=== Given entries ===

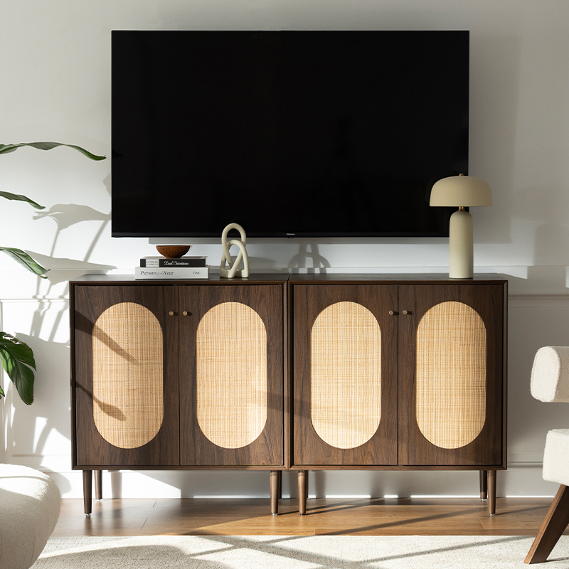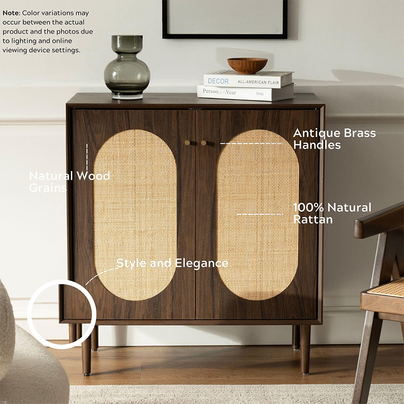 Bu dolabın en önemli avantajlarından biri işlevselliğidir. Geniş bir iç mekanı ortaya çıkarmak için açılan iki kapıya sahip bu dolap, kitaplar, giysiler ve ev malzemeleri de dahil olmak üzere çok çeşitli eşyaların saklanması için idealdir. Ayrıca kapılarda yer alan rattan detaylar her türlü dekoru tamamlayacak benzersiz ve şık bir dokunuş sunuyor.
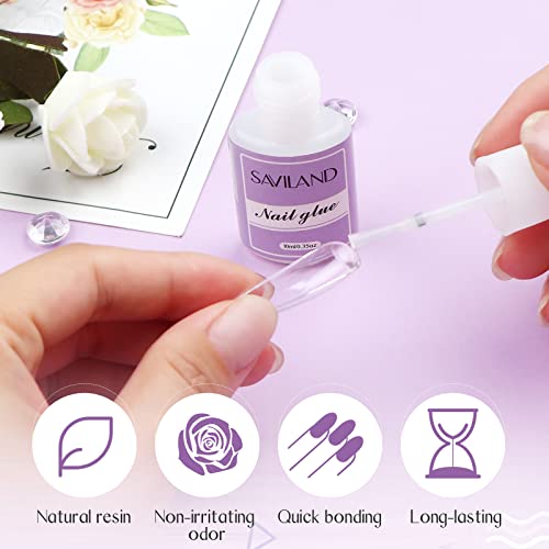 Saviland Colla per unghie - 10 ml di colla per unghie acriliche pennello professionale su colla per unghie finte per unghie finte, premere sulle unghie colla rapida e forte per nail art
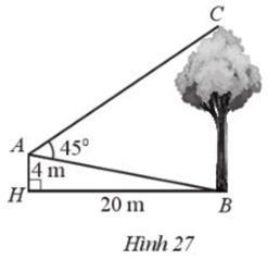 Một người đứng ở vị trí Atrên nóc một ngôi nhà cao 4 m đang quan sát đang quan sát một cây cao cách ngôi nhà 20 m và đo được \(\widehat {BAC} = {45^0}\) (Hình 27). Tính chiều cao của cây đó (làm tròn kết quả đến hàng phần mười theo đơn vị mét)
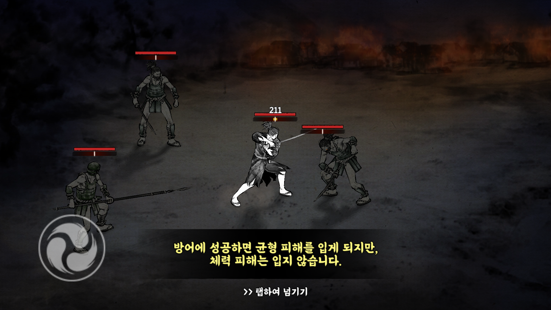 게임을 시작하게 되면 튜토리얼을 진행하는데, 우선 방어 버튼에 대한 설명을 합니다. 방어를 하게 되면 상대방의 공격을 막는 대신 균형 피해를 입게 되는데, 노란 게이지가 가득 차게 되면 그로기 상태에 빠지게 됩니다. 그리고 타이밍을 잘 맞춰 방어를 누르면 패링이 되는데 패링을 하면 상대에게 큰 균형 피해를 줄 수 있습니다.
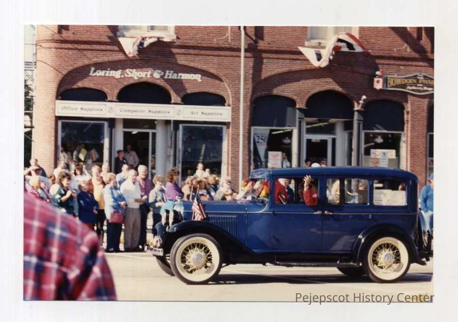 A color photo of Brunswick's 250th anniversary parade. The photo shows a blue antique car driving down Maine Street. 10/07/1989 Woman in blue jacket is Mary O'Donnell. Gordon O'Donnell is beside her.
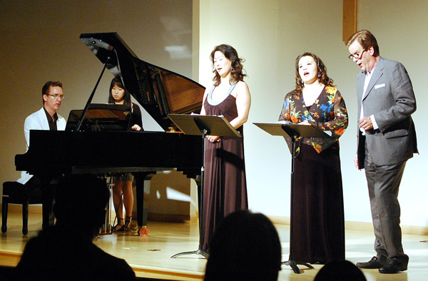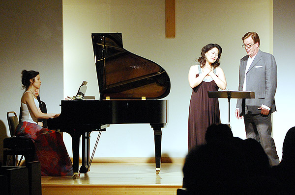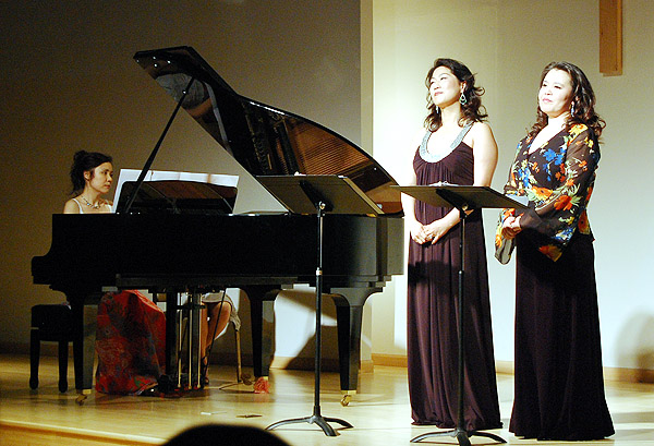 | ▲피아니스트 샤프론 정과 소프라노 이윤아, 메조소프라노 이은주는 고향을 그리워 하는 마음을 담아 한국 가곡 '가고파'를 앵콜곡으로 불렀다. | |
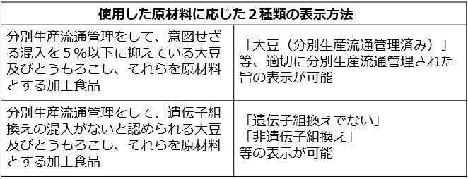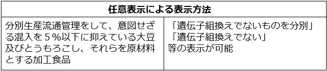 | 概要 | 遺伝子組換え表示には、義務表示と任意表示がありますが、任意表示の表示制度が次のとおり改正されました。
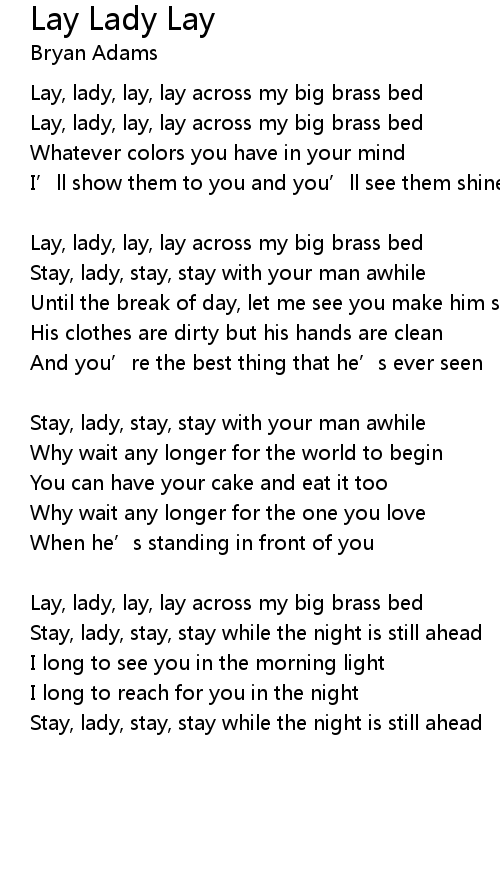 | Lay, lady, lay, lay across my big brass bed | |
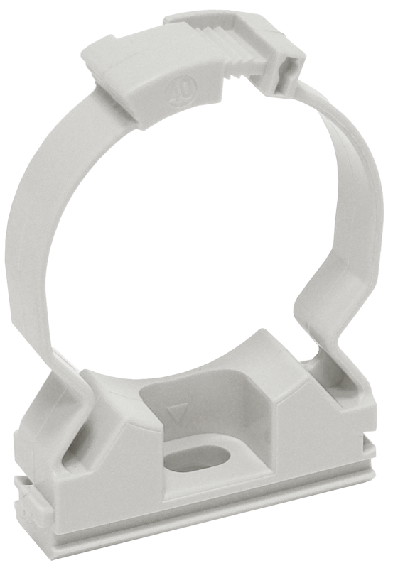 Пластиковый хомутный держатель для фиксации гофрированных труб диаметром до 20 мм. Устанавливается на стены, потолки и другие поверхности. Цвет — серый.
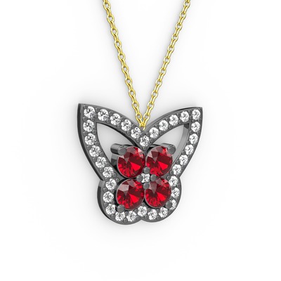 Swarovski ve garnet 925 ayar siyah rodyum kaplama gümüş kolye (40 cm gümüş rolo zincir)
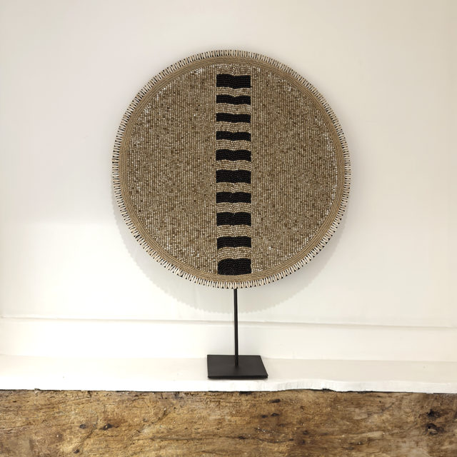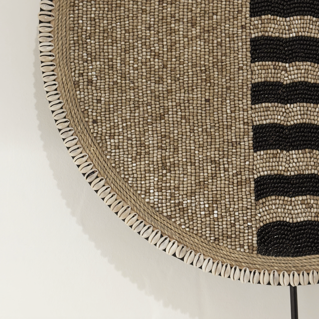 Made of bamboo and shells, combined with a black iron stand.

===

Restate each entry word for word; pictures stay out of the copy.

=== Exercise response ===
 Bu dolabın en önemli avantajlarından biri işlevselliğidir. Geniş bir iç mekanı ortaya çıkarmak için açılan iki kapıya sahip bu dolap, kitaplar, giysiler ve ev malzemeleri de dahil olmak üzere çok çeşitli eşyaların saklanması için idealdir. Ayrıca kapılarda yer alan rattan detaylar her türlü dekoru tamamlayacak benzersiz ve şık bir dokunuş sunuyor.
 Saviland Colla per unghie - 10 ml di colla per unghie acriliche pennello professionale su colla per unghie finte per unghie finte, premere sulle unghie colla rapida e forte per nail art
 Một người đứng ở vị trí Atrên nóc một ngôi nhà cao 4 m đang quan sát đang quan sát một cây cao cách ngôi nhà 20 m và đo được \(\widehat {BAC} = {45^0}\) (Hình 27). Tính chiều cao của cây đó (làm tròn kết quả đến hàng phần mười theo đơn vị mét)
 게임을 시작하게 되면 튜토리얼을 진행하는데, 우선 방어 버튼에 대한 설명을 합니다. 방어를 하게 되면 상대방의 공격을 막는 대신 균형 피해를 입게 되는데, 노란 게이지가 가득 차게 되면 그로기 상태에 빠지게 됩니다. 그리고 타이밍을 잘 맞춰 방어를 누르면 패링이 되는데 패링을 하면 상대에게 큰 균형 피해를 줄 수 있습니다.
 A color photo of Brunswick's 250th anniversary parade. The photo shows a blue antique car driving down Maine Street. 10/07/1989 Woman in blue jacket is Mary O'Donnell. Gordon O'Donnell is beside her.
 | ▲피아니스트 샤프론 정과 소프라노 이윤아, 메조소프라노 이은주는 고향을 그리워 하는 마음을 담아 한국 가곡 '가고파'를 앵콜곡으로 불렀다. | |
 | 概要 | 遺伝子組換え表示には、義務表示と任意表示がありますが、任意表示の表示制度が次のとおり改正されました。
 | Lay, lady, lay, lay across my big brass bed | |
 Пластиковый хомутный держатель для фиксации гофрированных труб диаметром до 20 мм. Устанавливается на стены, потолки и другие поверхности. Цвет — серый.
 Swarovski ve garnet 925 ayar siyah rodyum kaplama gümüş kolye (40 cm gümüş rolo zincir)
 Made of bamboo and shells, combined with a black iron stand.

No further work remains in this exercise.